BEGIN
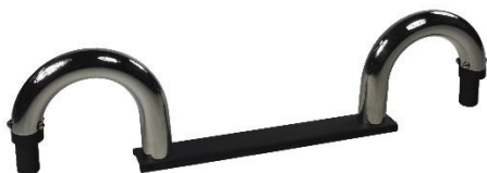
Chrom Bars Part No: WTP00B09
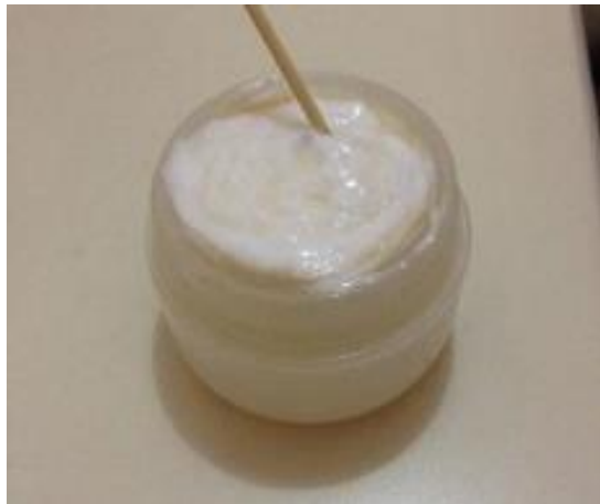
Gambar 4.5. Losion yang mengandung ekstrak kulit petai

Losion yang digunakan adalah losion plain sebanyak 60 mL. Losion tersebut dicampurkan dengan ekstrak kulit petai dengan perbandingan 4:1 (60 mL losion : 15 mL ekstrak kulit petai). Gambar 4.5 adalah losion yang sudah dicampur dengan ekstrak kulit petai.
END
- **DESCRIPTION OF THE TASK**
Among the lines of the material, find those holding the word "petai" and return them.

- **TASK OUTPUT**
Gambar 4.5. Losion yang mengandung ekstrak kulit petai
Losion yang digunakan adalah losion plain sebanyak 60 mL. Losion tersebut dicampurkan dengan ekstrak kulit petai dengan perbandingan 4:1 (60 mL losion : 15 mL ekstrak kulit petai). Gambar 4.5 adalah losion yang sudah dicampur dengan ekstrak kulit petai.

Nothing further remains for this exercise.